Да, и в эту ночь Клэр думала об Эжене, то и дело ловя себя на том, что жадно прислушивается: не стукнул ли молоток у входной двери, не вернулся ли из очередного похода Луи, не принес ли весточки о брате?

Глупая, глупая ты женщина, Клэр, не умеешь себя по достоинству поставить и оценить! Вот и сейчас сидишь, готовая ронять бессильные слезы на страницы дневника его калечного брата! С риском для собственной жизни спасла Луи от расправы, почти силой притащила к себе, оставила такую опасную записку Эжену. Ведь никому не ведомо, что сотворят с тобой версальцы, обнаружив в твоем доме Варлена, одного из главных вожаков Коммуны? Никакие связи, никакие силы не помогут! Тогда что? Каторга? Смерть?

А Эжена, может, уже и нет среди жнвых, вон сколько перестреляно, перебито за последнюю неделю!
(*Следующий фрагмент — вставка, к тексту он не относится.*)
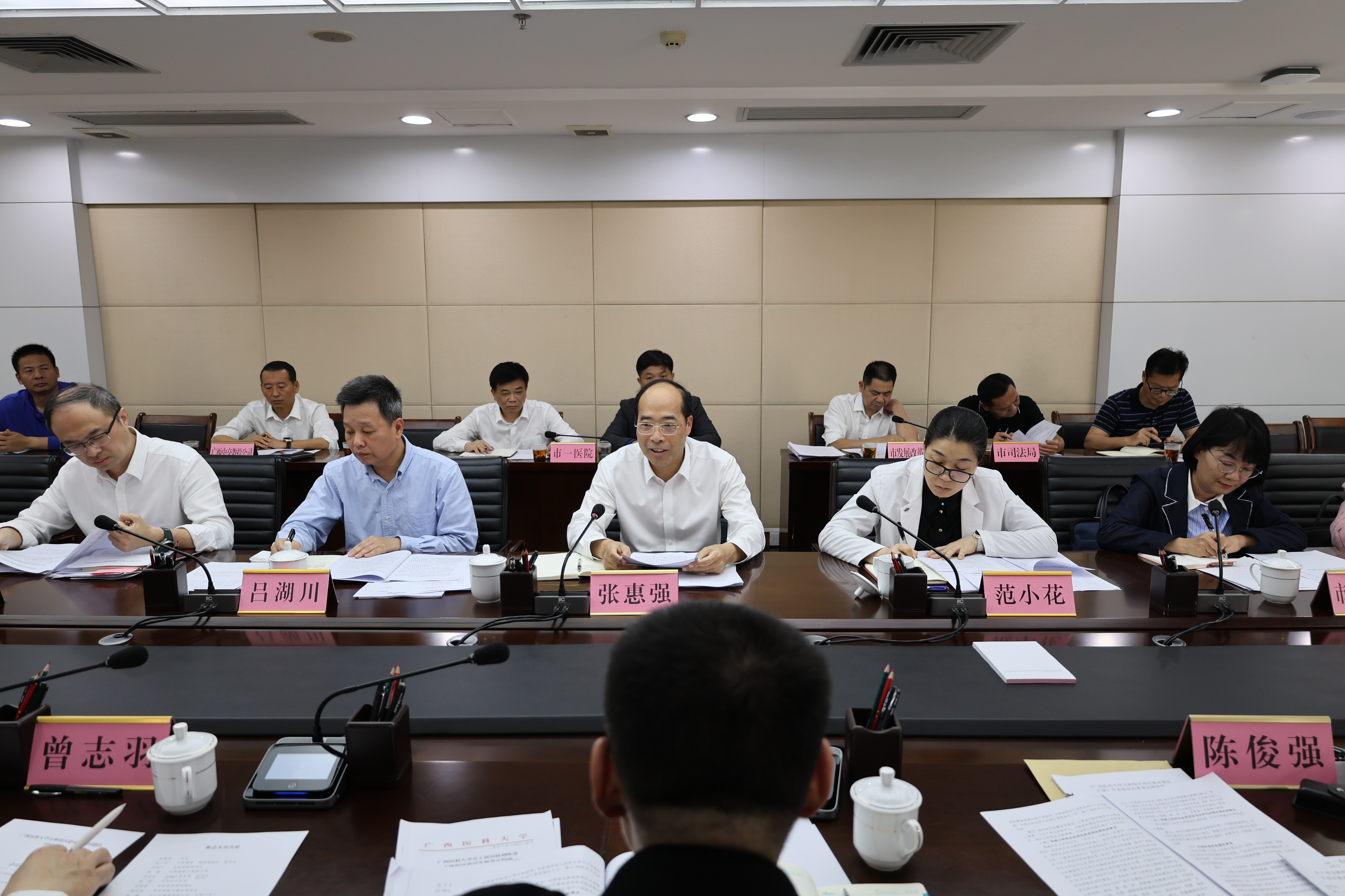 学校副校长陈俊强,玉林市副市长范小花,学校相关部门负责同志、市政府相关职能部门负责同志参加会议。

Доносившийся с улицы шум, проникавший сквозь разбитые стекла в окне столовой, оторвал Клэр от дневников Луи. Она встала, вышла в столовую и осторожно подошла к ближайшему окну. Потянула вниз шнурок жалюзи и, стараясь оставаться невидимой с улицы, выглянула из-за портьеры — привычка двухсот осадных и военных дней.

Да, под окнами Деньер стало необычно шумно, но это уже не было шумом сражения. Радостно звучали женские и мужские голоса, лишь изредка перебиваемые грозными окриками офицеров, требующими немедленного исполнения приказов.

Осмелев, Клэр еще потянула шелковый шпурок жалюзи, и ей полностью открылась знакомая много лет улица. И хотя над черепицей крыш сплошным пологом распростерлась дымовая завеса бесчисленных пожаров, хотя камни мостовой разворочены, улица уже возвращается к нормальной, мирной жизни. Вон дородный хозяин ресторанчика «Золотой кубок» напротив дома Клэр, зазывно улыбаясь офицерам Винуа и разряженным красоткам с трехцветными повязками на шляпах и такими же бантиками на груди, впервые за полгода поднимает гофрированные железные шторы своего пощаженного снарядами заведения, приглашает зайти, отдохнуть от ратных трудов, — видно, несмотря на долгую осаду, мосье удалось кое-что сохранить в подземных погребах.

Красноштанные солдаты Винуа и Галифе и десятка два гражданских лиц под командованием щекастого и голосистого капрала поспешно разбирали барракаду, раскидывали камни, расшвыривали обломки мебели, оттаскивали в стороны содранные неделю назад вывески и чугунные фонарные столбы. А у баррикады, мирно понурясь и жуя клок сена, переминался с ноги на ногу ко всему привычный парижский першерон, запряженный в широкую телегу, на каких обычно мясники развозили по лавкам говядину, свинину и прочую убоину. Сейчас на телегу были в беспорядке навалены человеческие тела, свешивались через борта и колеса окровавленные руки и ноги. А кучка солдат, бранчливо перекликаясь, волокла к телеге очередное мертвое тело. Голова убитого бессильно билась о камни, вытянутые руки словно пытались ухватиться за землю…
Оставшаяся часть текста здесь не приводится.